WHAT THE EXERCISE ASKS:
Extract verbatim every line from the one containing "কুড়িগ্রাম নবাগত জেলা" to the final line of the records below, inclusive, and exclude all pictures.

PROVIDED MATERIAL:
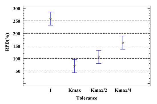 Figure 9 shows the impact of different neighborhood structure construction operators on the total delay of workflows. From the figure, it is observed that COMBINATION performs best, with an RPD 50% lower than INSERT and 75% lower than SWAP. Figure 10 displays the impact of different neighborhood search methods on the total delay of workflows. Among them, VNS significantly outperforms FNS, likely because VNS has a much larger search space than FNS, which can enhance the quality of the global optimal solution. Figure 11 shows the impact of different values for the maximum neighborhood structure number coefficient. From the figure, it is evident that as increases, the RPD value shows a downward trend until it stabilizes. Figure 12 presents the impact of different tolerance values. The lowest RPD value occurs when . According to the definition of neighborhood structure, when , all candidate neighborhood solutions are traversed, ultimately enhancing the quality of the optimization scheme.
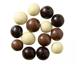 Billes croustillantes d'épeautre enrobées de chocolat noir, chocolat au lait, chocolat blanc
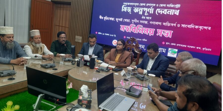 কুড়িগ্রাম নবাগত জেলা প্রশাসক অন্নপূর্ণা দেবনাথ এর সাথে মুক্তিযোদ্ধা, জুলাই যোদ্ধা, শুধী সমাজ ও সাংবাদিকদের মতবিনিময় সভা অনুষ্ঠিত হয়েছে।
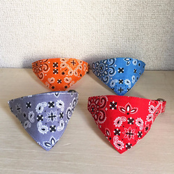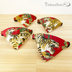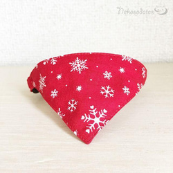 赤ベースの雪だるま柄に、新雪のようなリボンをあしらった、冬気分たっぷりのつけ襟風首輪です。
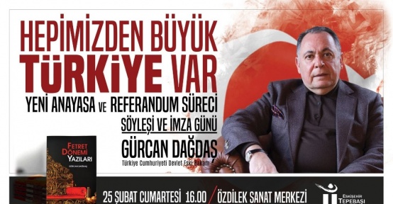 “Hepimizden Büyük Türkiye Var” konulu söyleşiye katılmak için Eskişehir’e gelecek olan Dağdaş, Yeni Anayasa ve Referandum Süreci ile ilgili görüşlerini paylaşacak. Özdilek Sanat Merkezi’nde 25 Şubat Cumartesi günü saat 16.00’da başlayacak olan söyleşiden sonra, bir de kitap imzası gerçekleşecek. Eski Devlet Bakanı Gürcan Dağdaş son olarak Fetret Dönemi Yazıları adlı bir kitap yayınlamıştı. Eskişehir

OUTPUT BELOW:
 কুড়িগ্রাম নবাগত জেলা প্রশাসক অন্নপূর্ণা দেবনাথ এর সাথে মুক্তিযোদ্ধা, জুলাই যোদ্ধা, শুধী সমাজ ও সাংবাদিকদের মতবিনিময় সভা অনুষ্ঠিত হয়েছে।
 赤ベースの雪だるま柄に、新雪のようなリボンをあしらった、冬気分たっぷりのつけ襟風首輪です。
 “Hepimizden Büyük Türkiye Var” konulu söyleşiye katılmak için Eskişehir’e gelecek olan Dağdaş, Yeni Anayasa ve Referandum Süreci ile ilgili görüşlerini paylaşacak. Özdilek Sanat Merkezi’nde 25 Şubat Cumartesi günü saat 16.00’da başlayacak olan söyleşiden sonra, bir de kitap imzası gerçekleşecek. Eski Devlet Bakanı Gürcan Dağdaş son olarak Fetret Dönemi Yazıları adlı bir kitap yayınlamıştı. Eskişehir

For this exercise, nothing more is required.